WHAT'S in a name? When it comes to controversial science, a lot.
South Korean scientists recently announced that they had used cloning to produce 11 human embryos, then destroyed them to harvest their embryonic stem cells. Actually, they said they had used "somatic cell nuclear transfer" to produce "human NT blastocysts," from which they extracted "hESC."
In fact, nowhere in their paper did they actually use the word "clone."
"Everybody is terrified of the word, 'cloning' " said Dr. David Shaywitz, a stem cell researcher at Harvard University. "It conjures up so many frightening images."
"Both sides are trying to manipulate language," he added. "People who are opposed to the research go out of their way to use that word and people who support the research are trying to find other ways to explain what they are doing."
But cloning opponents are disturbed by the way stem cell scientists these days almost always speak of "somatic cell nuclear transfer" rather than "cloning."
"The most important thing to be said is that the language is changing and it seems to have an agenda behind it to make things more acceptable," said Dr. John Kilner, the president for the Center for Bioethics and Human Dignity, which opposes cloning and destroying human embryos to extract their stem cells.
"I'm concerned," he added. "People ought to debate the scientific issues on the merits."
The word "embryo" presents similar problems. The South Korean scientists, for example, did not get their cloned embryos by fertilizing human eggs. Rather, they removed the genetic material from donated eggs and replaced it with genetic material from the cells of patients. Those new genes took over and directed the eggs to grow and divide. So, they say, the resulting balls of cells should be called "nuclear transfer constructs."
But avoiding the term embryo merely "avoids a moral question that is very much in the public consciousness," said Lisa Cahill, a theology professor at Boston College. After all, she said, those balls of cells, however created, can develop and if implanted in a woman's womb, could in theory become babies. Those who oppose such research say the embryos are human, and they object to destroying human life.
Many scientists counter that embryos in their early stages, whatever their potential, are simply tiny clumps of undifferentiated cells - no budding organs or extremities, nothing remotely mammalian or baby-like - and that they have no moral status.

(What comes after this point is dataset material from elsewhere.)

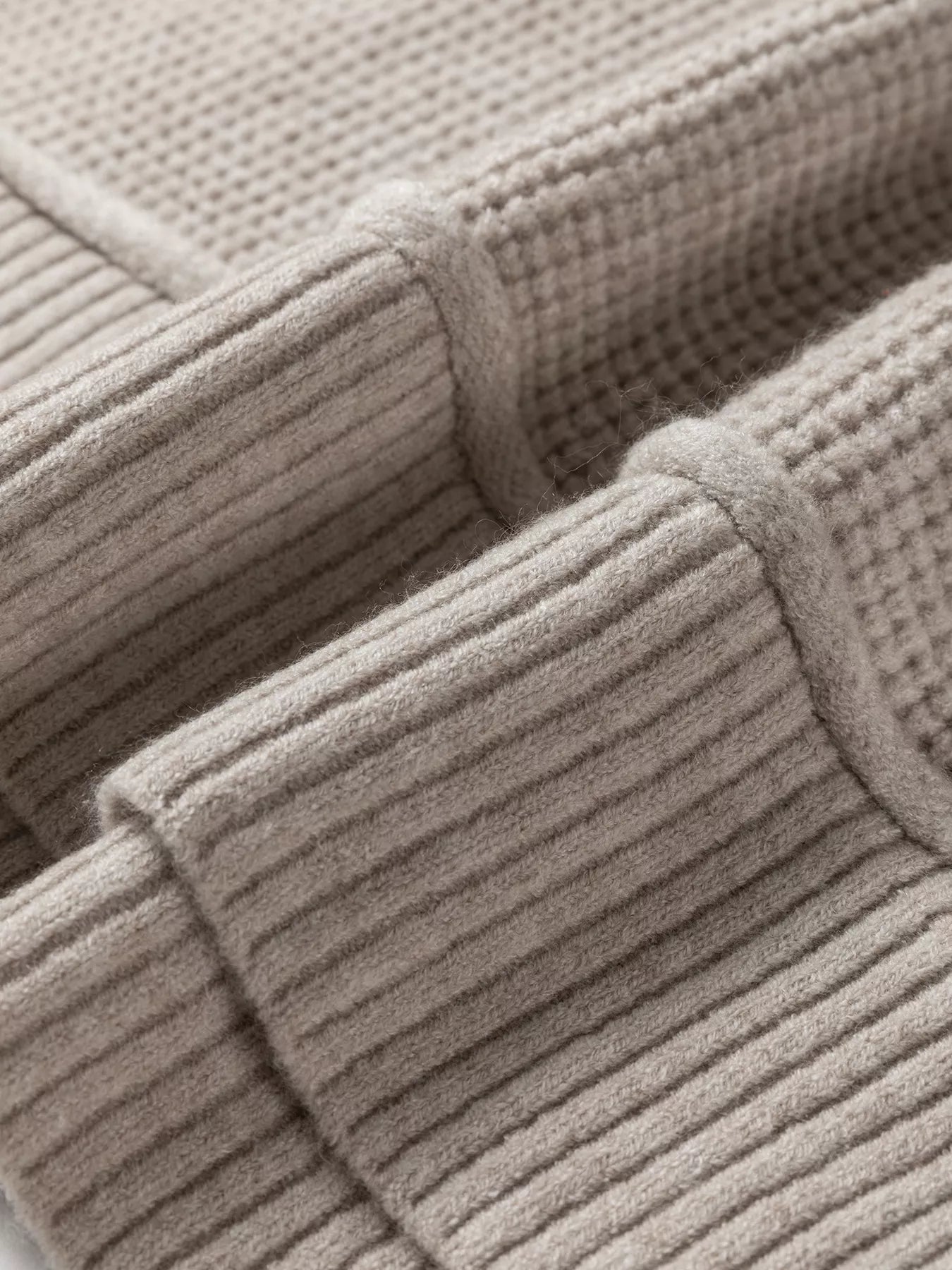 Waffle Texture Knit Ribbed High Neck Drop Shoulder Sweater

Most Americans, Dr. Cahill said, occupy a position somewhere in between. They do not want to lose the promise of stem cell research but they also do not consider human embryos to be simply balls of cells.
This view, Dr. Cahill said, is "reflected in the fact that we've had the National Bioethics Council and the President's Council on Bioethics and a statement from the American Fertility Society all saying special respect was owed the embryo. But they didn't necessarily say that therefore it could never be used in research."

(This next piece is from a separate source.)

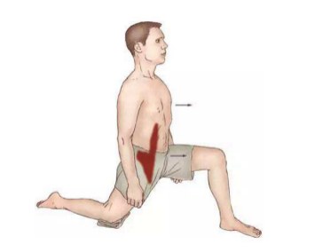 要点:左脚在前,右脚在后成半跪位,双手自然放在身体两侧,或者放在左边膝盖上,然后身体缓慢向前移动,感受右侧髋部前部肌肉的牵伸,避免骨盆旋转,保持 15~30 秒,重复 5~8 次,双侧交替。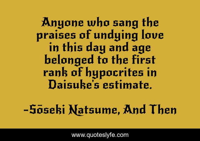 This page presents the quote "Anyone who sang the praises of undying love in this day and age belonged to the first rank of hypocrites in Daisuke's estimate.". Author of this quote is Sōseki Natsume, And Then. This quote is about meiji-era, love, hypocrisy, undying-love, hypocrites, affection,.

Then there is the further question of using cloning to create embryos. Should the word "clone" even be used if the embryos will never be allowed to develop into babies?
The International Society for Stem Cell Research wrestled with the issue and decided to use different words to distinguish between cloning to create embryos for their stem cells and to create babies.
The group decided that cloning to create embryos to the blastocyst stage, that critical time at about five days when stem cells can be obtained, and then destroying them to extract stem cells would be called "somatic cell nuclear transfer."
That term, said Gordon Keller, a stem cell researcher at Mount Sinai School of Medicine in New York and the president-elect of the International Society for Stem Cell Research, accurately describes the process by which the blastocysts were made.
The other possible outcome for the blastocysts, something Dr. Keller says the society vehemently opposes, would be to implant them in a woman's uterus to start a pregnancy. That would be called "cloning."
"The process is the same," Dr. Keller said. The important difference, he says, is "what you do with the blastocyst."
The President's Council on Bioethics unanimously came to a different conclusion about what to call the process of creating these blastocysts. "Although as a scientific matter 'somatic cell nuclear transfer' or 'nuclear transplantation' may accurately describe the technique that is used to produce the embryonic clone, these terms fail to convey the nature of the deed itself, and they hide its human significance," the council wrote.
Dr. Leon Kass, the council's chairman, argued last week that the South Koreans' feat should not be disguised by jargon.
"The initial product of their cloning technique is without doubt a living cloned human embryo, the functional equivalent of a fertilized egg," Dr. Kass wrote in an e-mail message.
"If we are properly to evaluate the ethics of this research and where it might lead," he continued, "we must call things by their right names and not disguise what is going on with euphemism or misleading nomenclature."